Component 1 against component 3 shows a similar distribution to the first plot, but the precipitation variables have now flipped and have a negative contribution to component 3.

```{r, echo=FALSE}
ggbiplot(PCA, choices=c(2,3), labels = rownames(PCA$scores))
```

Component 2 against component 3 shows the expected contribution of the variables that can be seen in the previous plots, where manufacturing, population, and the precipitation variables negatively contribute to component 3 and negative temperature and wind have a positive contribution.

Taken together, these biplots imply the following:
- manufacturing and population remain highly correlated across all principal component combinations
- precipitation variables also maintain a correlation to each other, but to different extents
- the contributions of negative temperature to components 2 and 3 can flip in direction
- in all cases, variables have a positive contribution to component 1

Since component 1 and component 2 make the highest contributions to the variance in the data, and manufacturing seems to have the highest influence on component 1 and days of precipitation have the highest influence on component 2, we are led to believe that these two variables may hold the highest importance in explaining the variance in the data, and by extension could have important contributions to air pollution. In a future section, we will also use all of the principal components in a multiple linear regression model to see what contributions they make when air pollution is explicitly assumed to be an outcome variable.

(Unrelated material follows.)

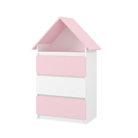 Domečková komoda Sofie je vyrobena z kvalitního lamina v jemných odstínech růžové a bílé barvy. Tento pastelový odstín dodává komodě lehkost a šarm, což ji činí ideálním doplňkem do holčičích pokojíčků. Na vrcholu komody najdete zakončení střechy, což dodává celému designu domečku zvláštní útulnost a kouzlo. Její neodolatelný design ve formě domečku přináší do vašeho domova hravou atmosféru a zároveň poskytuje praktické úložné řešení.

## Ranking of cities with principle component scores

```{r}
#ranking of cities via PCs
pc_scores = vector()
for (i in 1:37) {pc_scores[i] = sum(PCA$scores[i, ])}
order(pc_scores, decreasing=TRUE)

city_names = rownames(PCA$scores)
rankings = data.frame(City = city_names, PC_Score = pc_scores)
rankings = rankings[order(-rankings$PC_Score, decreasing=TRUE), ]
rankings
```
Cities are ranked in descending order according to their principal component (PC) ranking in the results. The PC scores are calculated as the sum of each city's PC scores. A higher PC score indicates that a city such as Minneapolis and Milwaukee has higher values on the variables that contribute most to the principal components, and have higher levels of the variables associated with air pollution (such as SO2, manufacturing, population, etc). The lower-ranked cities such as Miami and Phoenix have lower scores, indicating they have lower levels of the variables associated with air pollution.

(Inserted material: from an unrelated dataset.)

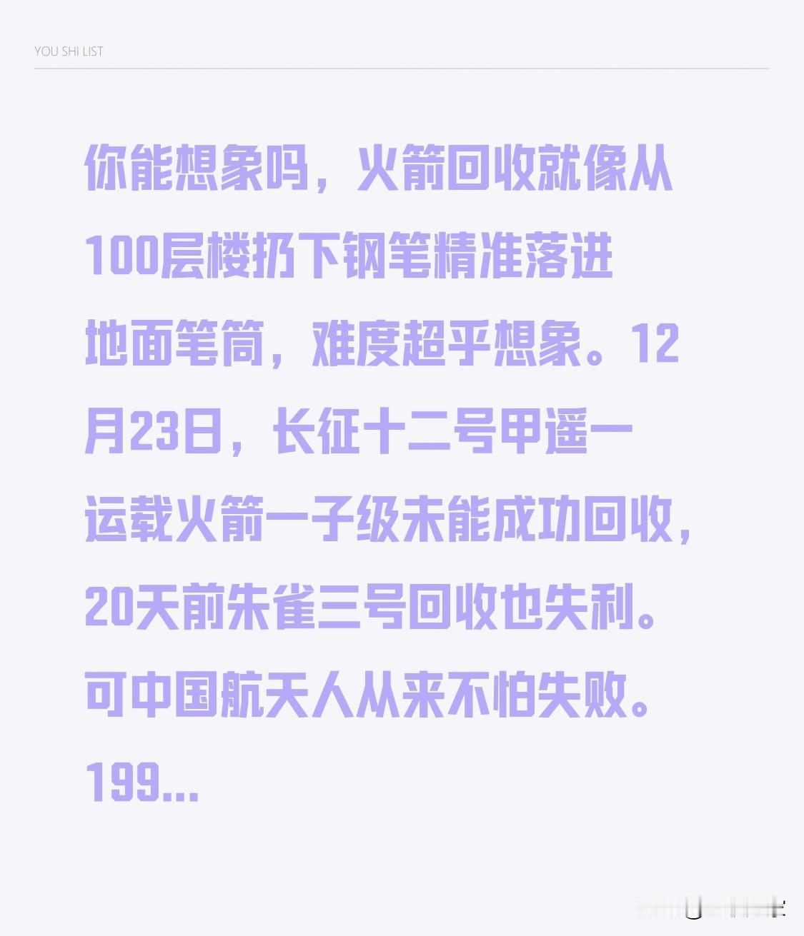 你能想象吗,火箭回收就像从100层楼扔下钢笔精准落进地面笔筒,难度超乎想象。12月23日,长征十二号甲遥一运载火箭一子级未能成功回收,20天前朱雀三号回收也失利。可中国航天人从来不怕失败。1996年长征三号乙火箭发射失败,航天人几百个日夜排查故障;2017年长五遥二任务异常,团队没日没夜归零复盘,最终长五成功复飞。 中国航天从来不缺从头再来的勇气。未来,中国火箭回收能否成功?还会遇到哪些挑战?我们又将见证怎样的突破? 朱雀三号火箭 长征五号乙火箭 朱雀2号火箭 朱雀三号火箭 长征五号乙火箭 朱雀2号火箭 长征12号火箭 太空火箭回收 可重复回收火箭 马斯克回收火箭

## Multiple linear regression with principal components

The last analysis we will perform is with the use of our principal components in a multiple linear regression model. Everitt and Hothorn (2011) suggest that the use of principal components is advantageous over a direct fitting of the model to the underlying data, because the components are mathematically independent in a way which the raw data does not guarantee (and indeed, a number of the raw variables are correlated with each other). They further suggest that MLR be fitted to all principal components, instead of the subset of selected components, because some of the discarded components may have an unexpected significant contribution to the model. Additionally, the nature of linear regression should assign components with no real contribution very low coefficients.

```{r,echo=FALSE}
MLR = lm(data$SO2 ~ PCA$scores)
summary(MLR)
par(mfrow=c(2,2))
plot(MLR)
```

After fitting the model, we see that components two, four, and five are our most significant variables. This is inferred from the low p-values of 0.0032, 0.0462, and 0.0126 respectively. Turning to our model’s diagnostic plots we see that the residuals are reasonably randomized and the QQ-Norm plot shows a close fit. 

Further looking into these components starting with the most significant: two has highest weights in days of precipitation and negative temperature; four’s largest weight is with the feature wind; and five has height weights in manufacturing and population. This model seems to suggest that days of precipitation, followed by negative temperatures, are most important predictors of air pollution, with increasing values tracking with worse pollution values. However, this model has a somewhat weak R-squared value of 0.4254, suggesting that these components may not  linearly track particularly well with air pollution overall.